Pakistan Today

Don’t ban this horrible movie

 

It was horribly written and badly performed. Some industry sources even say that it was going to be taken off the screens in a couple of days anyway due to a lack of demand.

 

But the ban on the movie was just the shot-in-the-arm that it needed, if not financially, but in terms of marketing buzz. The makers of the movie Maalikhave already appealed against the censor board’s decision in the Lahore High Court. If the court decides in their favour, then expect this thinly-veiled propaganda film to rake in a killing at the box office. Already, the politician-hating urban middle-class demographics are very vocal in decrying the ban.

 

The litany of complaints against the film: ethnic stereotyping (Punjabi heroes, whereas everyone else are crooked caricatures of what mainstream Pakistan imagines non-Punjabi, non-Urdu-speaking Pakistanis to be); anti-politician narrative (to the extent that the political characters are one-dimensional cartoon villains); the security guard, a former SSG fellow, kills the CM that he was supposed to be protecting.

 

Though all these things make for a pretty silly movie, do they justify a ban? Barring the last bit about the guard killing his charge, which is problematic in the post-Mumtaz Qadri world, none of the other reasons justify a ban.

 

Our ideals about the freedom of speech are tested most when the right to say something one does not agree with is being defended. Yes, we do have a censor board for a reason and some censoring, bleeping and even outright bans, are their mandate. But these instances should be kept to a minimum.

 

http://www.dailymotion.com/video/x47cirz_newseye-27th-april-2016_news

 

On Dawn News’s Meher Bokhari-hosted News Eye, some from the political class were taking to task the film’s exclusive look at political corruption. Are only the politicians corrupt, they asked. Again, I think this is a problematic position to take. The recent movie Moor, Pakistan’s official submission to the Oscars, took a look at the nexus between the crumbling railways department and the scrap metal mafia; surely that film shouldn’t have been banned because it did not talk about corruption in the irrigation department.

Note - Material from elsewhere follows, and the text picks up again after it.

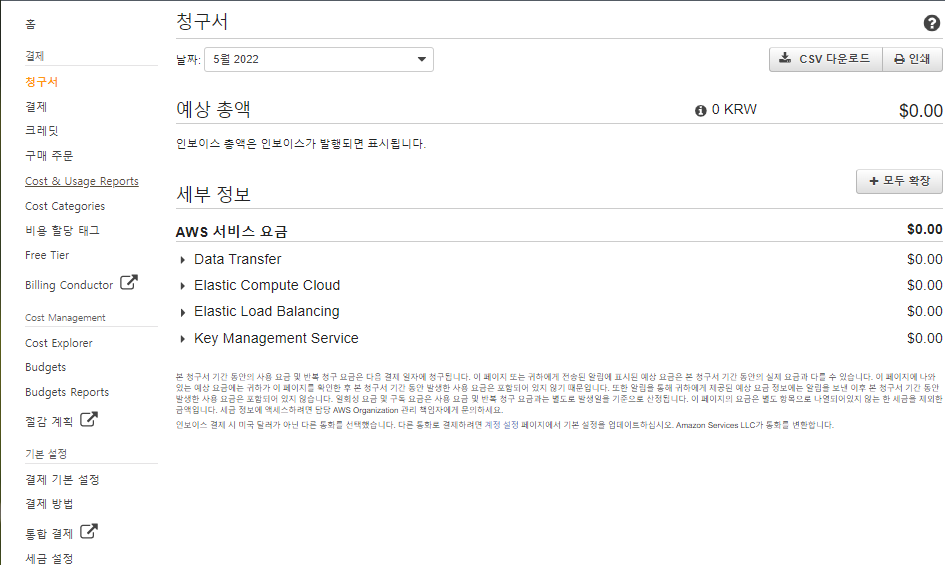 * Data Transfer : 트래픽에 대한 비용(나의 서버에서 아웃바운드 트래픽이 발생해도 나한테 비용이 청구됨)

If someone does subscribe to the ridiculous assumption that all the evils of the country stem from the political class, then their art should represent those views. If the film’s writer, director and lead actor Aashir Azeem thinks that Pakistan’s biggest problem is “feudalism” (whatever that means anymore), then his film should reflect that.

If progressive forces stick to defending the film’s team right to show their films, then they would also be able to make films that call into question the role of the military in the country. Not just the now-uncontroversial subjects like East Pakistan, but also the current war against terror and the whole Good Taliban/Bad Taliban matrix.

 

Speaking of the military, the problem that should have been focussed on, which the PML-N’s Mohsin Ranjha and the PPP’s Moula Bakhsh Chandio touched upon, if cautiously, was that the film was funded by the ISPR. Everyone has a right to their views, but why was a government organisation funding such a movie?

 

This is a more than valid argument that one can make without getting into the prickly areas of free speech. Ashir Azeem kept clarifying that the ISPR did not fund the movie, only facilitated it. So did the retired Brigadier on the show. Well, one doesn’t know how these people think movies are budgeted, but facilitation IS funding. A film like Top Gun, say, got the use of the US Navy’s best aircraft. An anti-army film like Apocalypse Now, on the other hand, was hideously expensive to make because the military wasn’t providing any assistance.

 

If the ISPR provided technical, logistical support and the use of military hardware, be it helicopters, C-130s or guns, it means the ISPR has partly funded the film. End of discussion on that one.

Mehr Abbasi even defended the military’s version and said that this isn’t the only movie that the ISPR has helped produce; that it is an entire battery of feature films that are being made to promote the film industry. Mohsin Ranjha did not ridicule the intelligence of the foreign-qualified anchor and merely replied that it was not the job of the ISPR to be doing that.

 

Ironically, the movie’s premise is that each one of us owns Pakistan. We are the eponymous Maalik. Where’s the irony, you ask? Well, since we partially foot the bill for the movie, since our taxes fund the military, perhaps we dohave the right to question the movie’s content. The makers might feel the censor board doesn’t have the right to question their political point of view, but they sure can’t say that about the producers…whom we are.

 

In the words of one of the cringe-worthy one-liners that the movie contains, as told to a politician, “Maalik dhamki nahi deta…..sirf notice deta hai….”

 

Though the movie shouldn’t have been banned, heads should still roll for it.